BEGIN
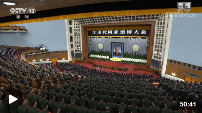 12月6日上午10时,党中央、全国人大常委会、国务院、全国政协、中央军委在北京人民大会堂隆重举行江泽民同志追悼大会。
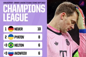 體育資訊11月27日訊 在本輪歐冠,阿森納3-1擊敗拜仁,諾伊爾出擊失誤導(dǎo)致丟球。數(shù)據(jù)網(wǎng)站OPTA也盤點(diǎn)了自2011年9月以來歐冠賽場門將因失誤導(dǎo)致丟球榜單,具體如下:
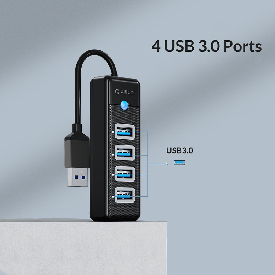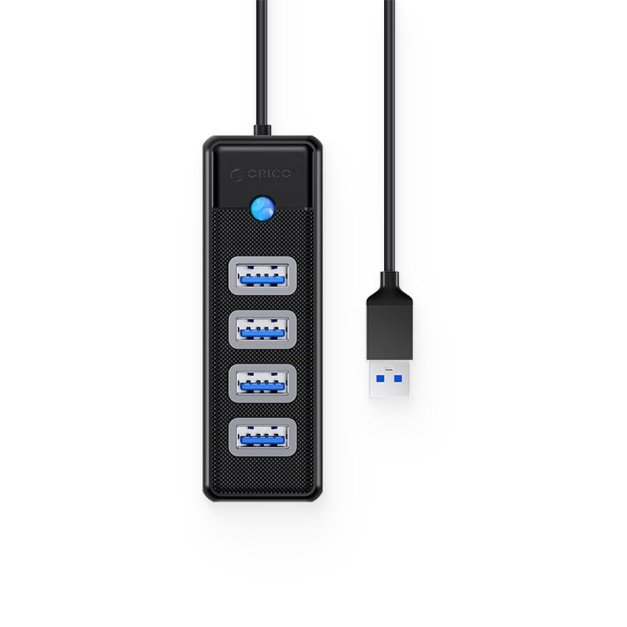 HUB USB Orico PW4U-U3 negru, conectori: 4x USB 3.0 Type-A, Plug & Play, posibilitate hot swap, protectii: over current / over-voltage / short circuit protection, viteza de transfer de pana la 5Gbps, conector intrare: USB 3.0 Type A, lungime cablu: 15cm, dimensiuni: 93x31x19.5mm
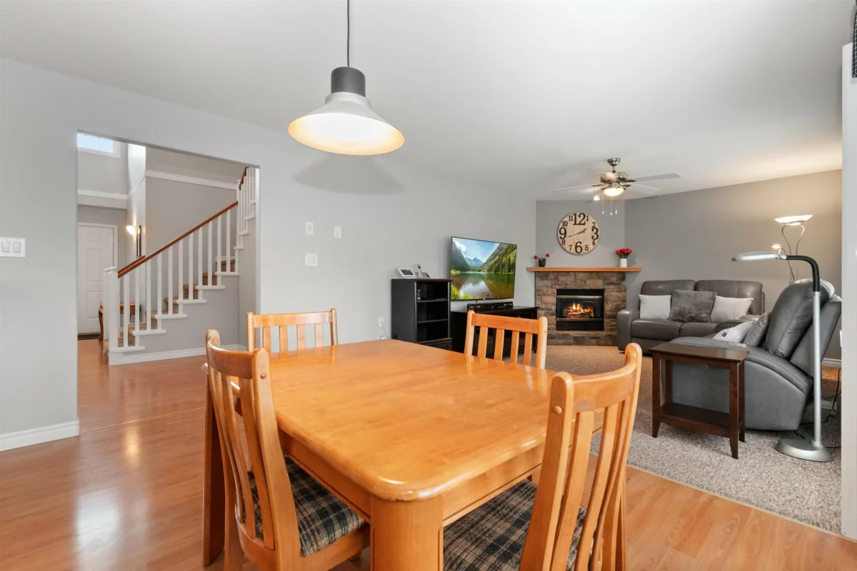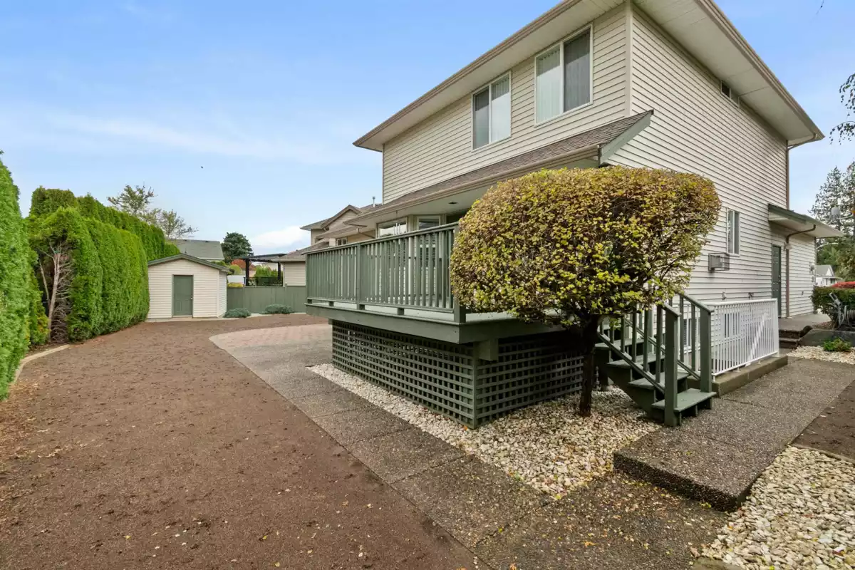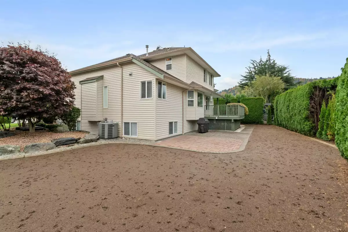 Welcome to this spacious 3,119sqft 2-storey home w/fin bsmt -perfect for your family! Main floor features a bright living room w/formal dining area (incl hutch alcove), a large white kitchen w/an island & plenty of cupboards & counter space. The kitchen opens to a generous eating area and a cozy family room with a natural gas fireplace, plus access to a large deck and patio. Large laundry room & 2pce bath round out the main. Upstairs offers 3 roomy bdrms, incl primary suite w/walk-in closet & ensuite feat soaker tub & separate shower. The bsmt is easily suitable, w/open-concept layout, 2 additional bdrms & full bath. Enjoy the private, hedged backyard w/storage shed, double garage & heat pump -all located on a quiet cul-de-sac close to schools, Vedder River fishing & trails.
END
### EXERCISE DIRECTIONS:
The data above must be given back verbatim, minus its images.

### ANSWER SPACE:
 12月6日上午10时,党中央、全国人大常委会、国务院、全国政协、中央军委在北京人民大会堂隆重举行江泽民同志追悼大会。
 體育資訊11月27日訊 在本輪歐冠,阿森納3-1擊敗拜仁,諾伊爾出擊失誤導(dǎo)致丟球。數(shù)據(jù)網(wǎng)站OPTA也盤點(diǎn)了自2011年9月以來歐冠賽場門將因失誤導(dǎo)致丟球榜單,具體如下:
 HUB USB Orico PW4U-U3 negru, conectori: 4x USB 3.0 Type-A, Plug & Play, posibilitate hot swap, protectii: over current / over-voltage / short circuit protection, viteza de transfer de pana la 5Gbps, conector intrare: USB 3.0 Type A, lungime cablu: 15cm, dimensiuni: 93x31x19.5mm
 Welcome to this spacious 3,119sqft 2-storey home w/fin bsmt -perfect for your family! Main floor features a bright living room w/formal dining area (incl hutch alcove), a large white kitchen w/an island & plenty of cupboards & counter space. The kitchen opens to a generous eating area and a cozy family room with a natural gas fireplace, plus access to a large deck and patio. Large laundry room & 2pce bath round out the main. Upstairs offers 3 roomy bdrms, incl primary suite w/walk-in closet & ensuite feat soaker tub & separate shower. The bsmt is easily suitable, w/open-concept layout, 2 additional bdrms & full bath. Enjoy the private, hedged backyard w/storage shed, double garage & heat pump -all located on a quiet cul-de-sac close to schools, Vedder River fishing & trails.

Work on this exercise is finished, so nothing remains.